### GIVEN MATERIAL
^^^^^^^^^^^^^^^^

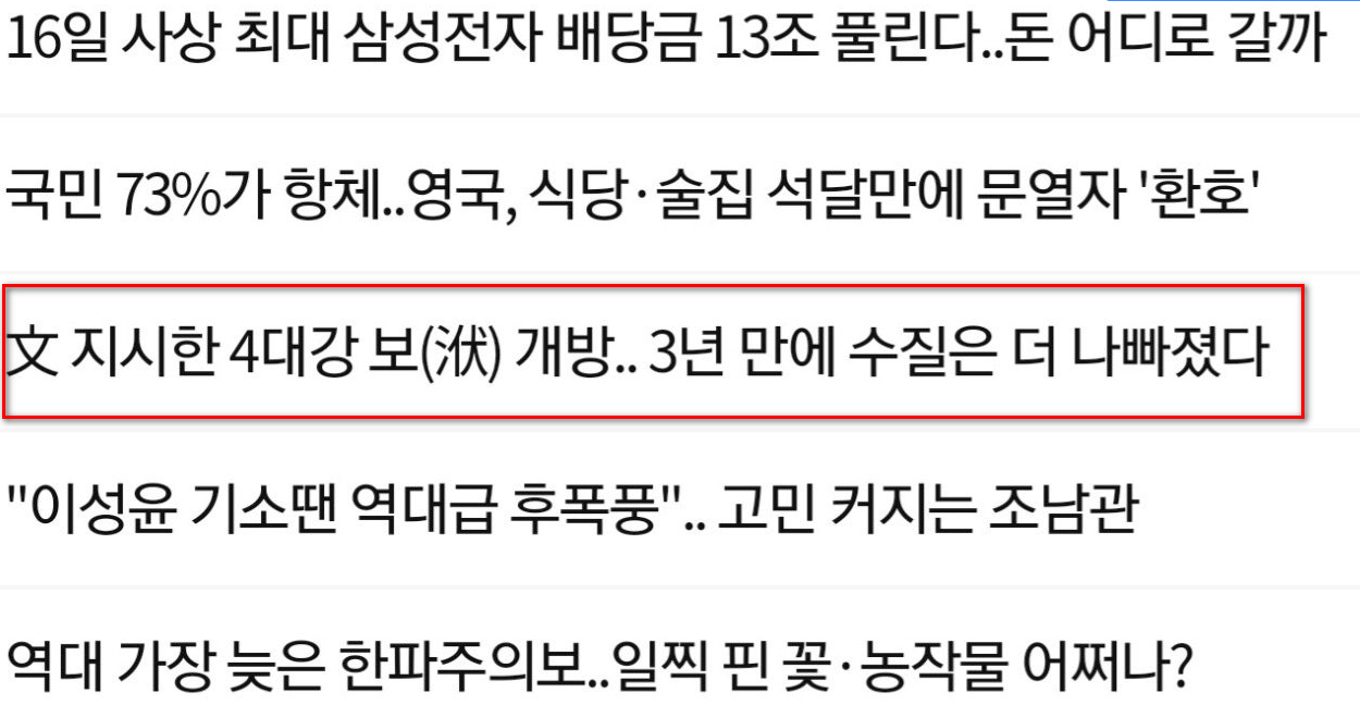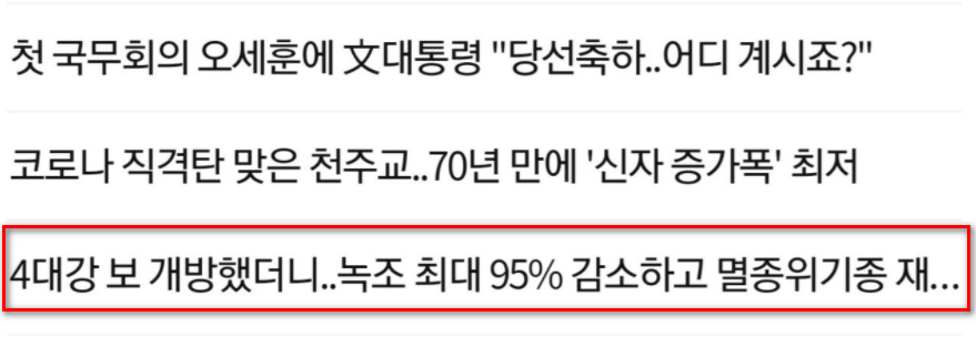 문대통령이 지시한 4대강 보 개방과 관련 수질이 좋아지고 멸종위기종이 다시 온다는 보도와 수질이 더 나빠졌다는 내용의 보도가 같은날 같은 시간대에 동시에 정반대의 글이 올라와 글로 포스팅 해 봅니다.
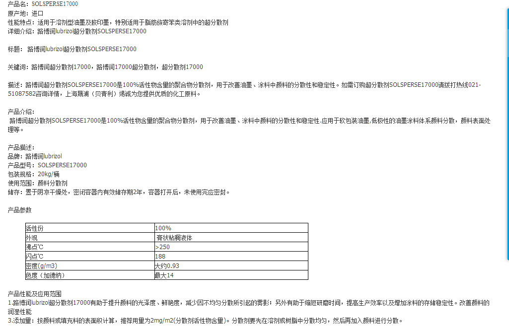 路博润SOLSPERSE17000分散剂
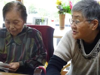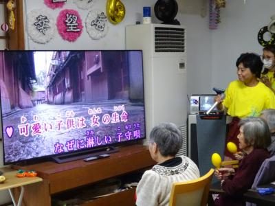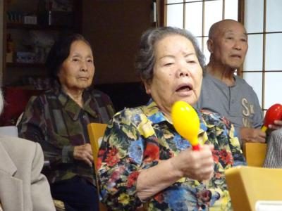 皆で、リズムを取りながら「星影のワルツ」・「鐘の鳴る丘」を
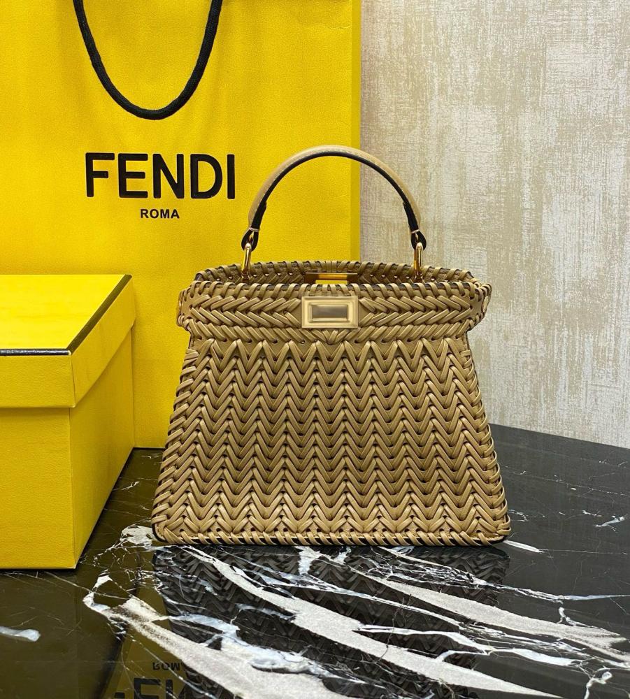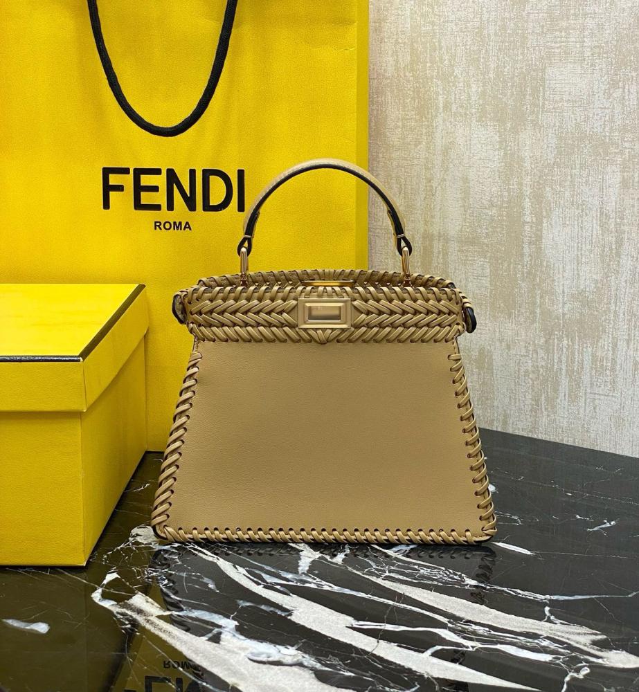 حقيبة نسائية fendi بيكابو I see u جلد مجدول 21سم بلون خردل

^^^^^^^^^^^^^^^^

### TASK TO CARRY OUT
Please retype the material in full, exactly as it reads, apart from the images.

### EXERCISE OUTPUT
 문대통령이 지시한 4대강 보 개방과 관련 수질이 좋아지고 멸종위기종이 다시 온다는 보도와 수질이 더 나빠졌다는 내용의 보도가 같은날 같은 시간대에 동시에 정반대의 글이 올라와 글로 포스팅 해 봅니다.
 路博润SOLSPERSE17000分散剂
 皆で、リズムを取りながら「星影のワルツ」・「鐘の鳴る丘」を
 حقيبة نسائية fendi بيكابو I see u جلد مجدول 21سم بلون خردل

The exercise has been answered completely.